A reconciliation of the federal statutory tax rate to Staples' effective tax rate on income from continuing operations is
as follows:
2013 2012 2011
Federal statutory rate 35.0% 35.0% 35.0%
State effective rate, net of federal benefit 2.6 12.1 2.6
Effect of foreign taxes (7.8)(3.3)(5.1)
Tax credits (0.4)(0.8)(0.5)
Italian tax refund (previously deemed uncollectible) (1.4)
Goodwill impairment 82.5
Change in valuation allowance 3.8 37.1 0.5
Other 0.3 (2.0) 1.5
Effective tax rate 33.5% 160.6% 32.6%
The effective tax rate in any year is impacted by the geographic mix of earnings. Additionally, certain foreign operations
are subject to both U.S. and foreign income tax regulations, and as a result, income before tax by location and the components of
income tax expense by taxing jurisdiction are not directly related. The 2012 effective tax rate was unfavorably impacted by the
goodwill impairment charges recorded in 2012 relating to the Company's Europe Retail and Europe Catalog reporting units (see
Note C - Goodwill and Long-Lived Assets).
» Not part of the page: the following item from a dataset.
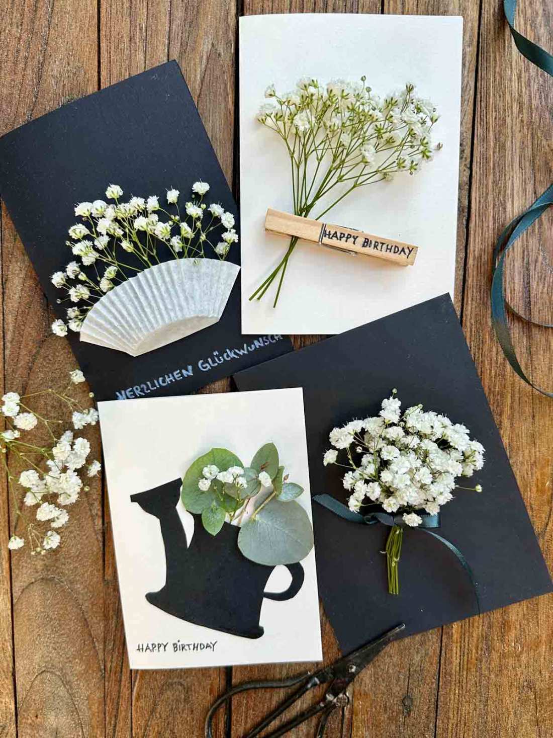 Als Basis dienen Blanko Karten, die es mit passendem Kuvert in vielen Farben im Bastel- oder Schreibwarenladen gibt. Dazu benötigt ihr noch eine Schere, Klebstoff und natürlich die passende Deko für die Karte. Wie zum Beispiel Wäscheklammern, ein Papier Muffin Förmchen, Schleierkraut, schwarzes Bastelpapier und ein paar Blätter wie Eukalyptus oder Efeu. Da diese Woche gleich vier Geburtstage anstehen, war ich gestern Nachmittag kreativ und habe Karten gebastelt. Schließlich sind wir in einem Alter, in dem man sich über eine liebevolle Karte oft mehr freut, als über einen üppigen Blumenstrauß. Die erste Karte ist ganz einfach und schnell gemacht. Das Schleierkraut wird zurechtgeschnitten und ein kleines Sträußchen gebunden. Eine Holz-Wäscheklammer mit „Happy Birthday“ beschriften oder stempeln und auf die Karte kleben. Nun das Schleierkraut mit der Wäscheklammer befestigen und die Geburtstagsgrüße auf einen Einleger schreiben und einkleben.

The tax impact of the unrealized gain or loss on instruments designated as hedges of net investments in foreign subsidiaries
is reported in accumulated other comprehensive loss in stockholders' equity.
The Company operates in multiple jurisdictions and could be subject to audit in these jurisdictions. These audits can
involve complex issues that may require an extended period of time to resolve and may cover multiple years. In the Company's
opinion, an adequate provision for income taxes has been made for all years subject to audit.
Income tax payments were $265.9 million, $402.9 million and $308.9 million during 2013, 2012 and 2011, respectively.
Income taxes have not been provided on the undistributed earnings of the Company's foreign subsidiaries presented in
continuing operations of approximately $604 million because such earnings are considered to be indefinitely reinvested in the
business. The determination of the amount of the unrecognized deferred tax liability related to the undistributed earnings is not
practicable because of the complexities associated with its hypothetical calculation.
Uncertain Tax Positions
At February 1, 2014, the Company had $281.0 million of gross unrecognized tax benefits, of which $266.0 million, if
recognized, would affect the Company's tax rate. At February 2, 2013, the Company had $254.7 million of gross unrecognized
tax benefits, of which $242.9 million, if recognized, would affect the Company's tax rate. The Company does not reasonably
expect any material changes to the estimated amount of liability associated with its uncertain tax positions through fiscal 2014.